Mergers and acquisitions are the business transactions wherein the ownership of organisations, or part of their operation, is consolidated with another organisation. These transactions can provide benefits to both parties, including reducing financial risk, diversifying one party’s portfolio, increasing a company’s resources and capacity, and cornering a larger section of the market. However, many mergers and acquisitions fail – meaning the deal becomes unprofitable for both parties. Let’s examine a few which failed in a big way.

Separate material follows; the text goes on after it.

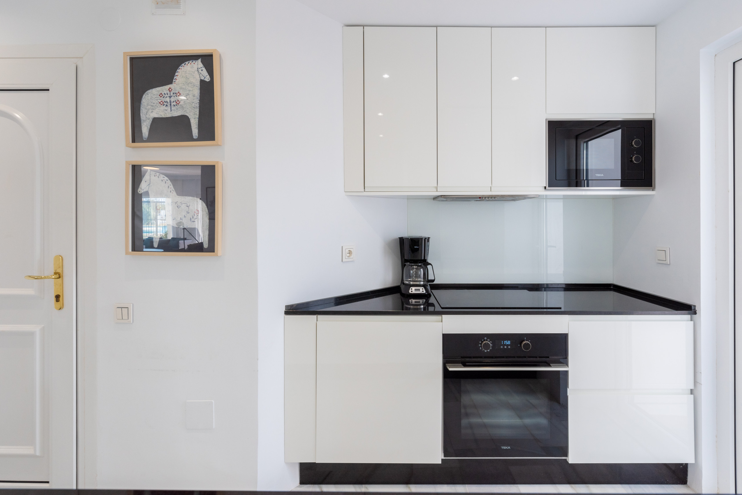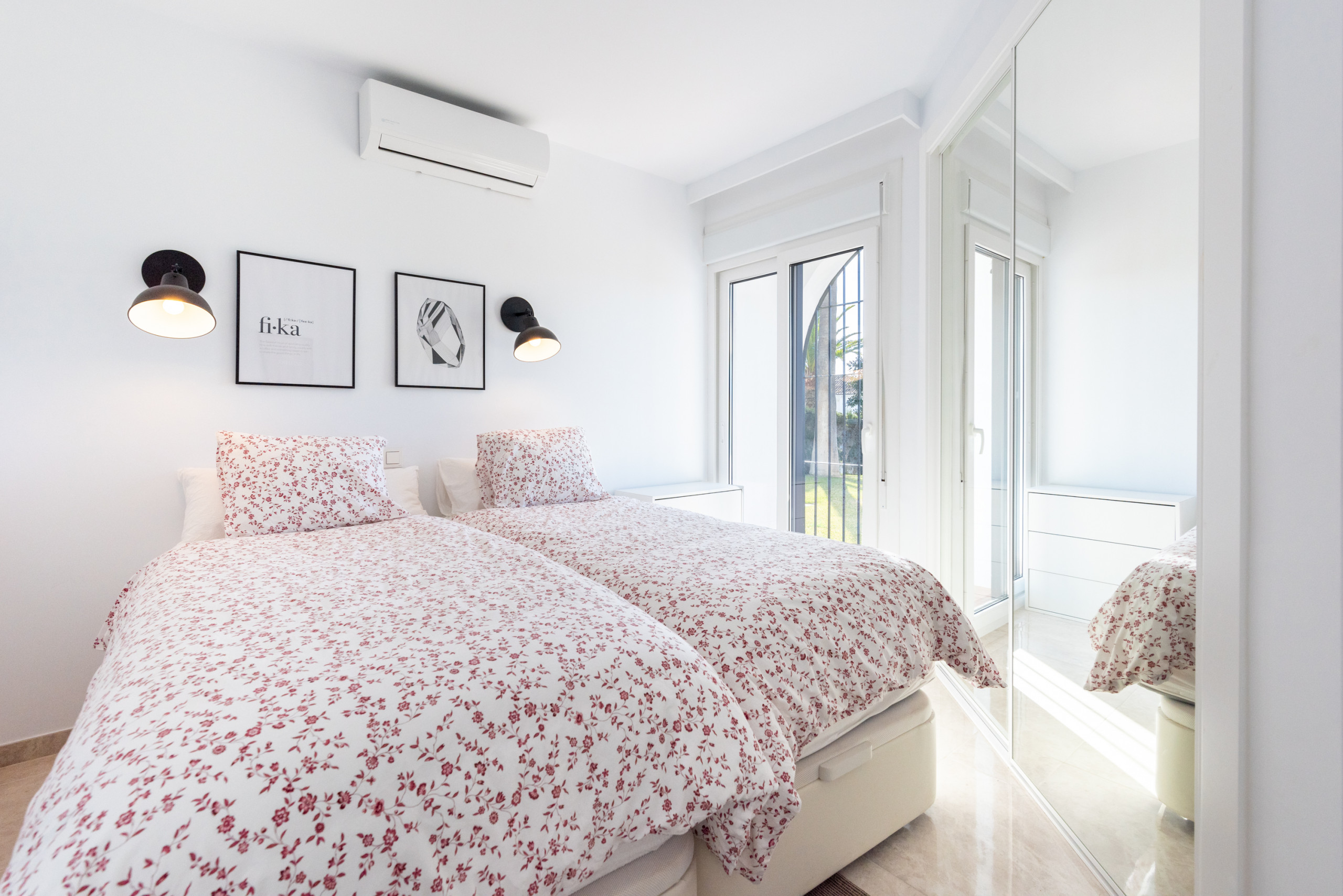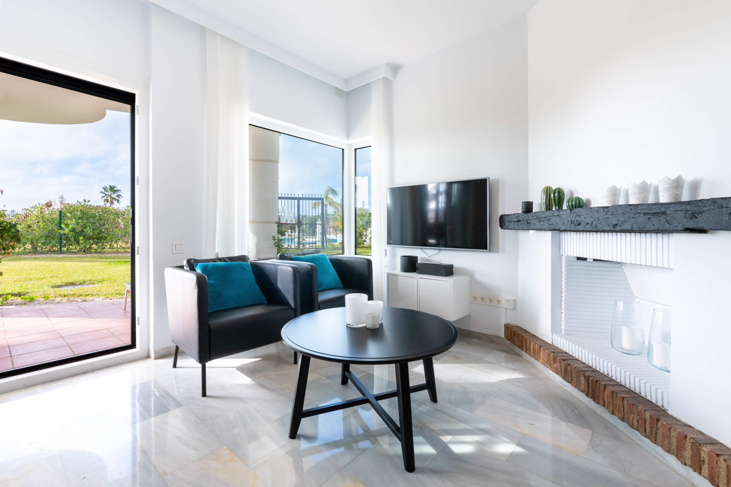 The apartment is 80m² and is nicely furnished with a Scandinavian touch and contains a fully equipped and newly installed kitchen, 2 bedrooms, 2 bathrooms and a cosy terrace with beautiful garden and pool views. Kitchen is fully equipped with oven, microwave, dishwasher, coffee machine etc. Next to the kitchen you have the living room which contains a nice dining area and a cosy sofa area. Satellite TV with international channels and a high-speed internet connection.

AOL and Time Warner lost $165 million

In January 2000, America Online (AOL) positioned itself as a leader in dial-up internet services across the United States. The tech company purchased the mass media and entertainment conglomerate for US$165 billion, creating a company with an estimated total value of US$360 billion. 

For AOL, the Time Warner merger seemed like an opportunity to distribute content across both organisations’ networks. For Time Warner, the purchasing company offered more reach for their media properties.


AOL made their acquisition during the dot-com bubble – wherein investors valued their services high above the value they actually offered, and projected stronger sustainability and growth for internet providers than they could… provide.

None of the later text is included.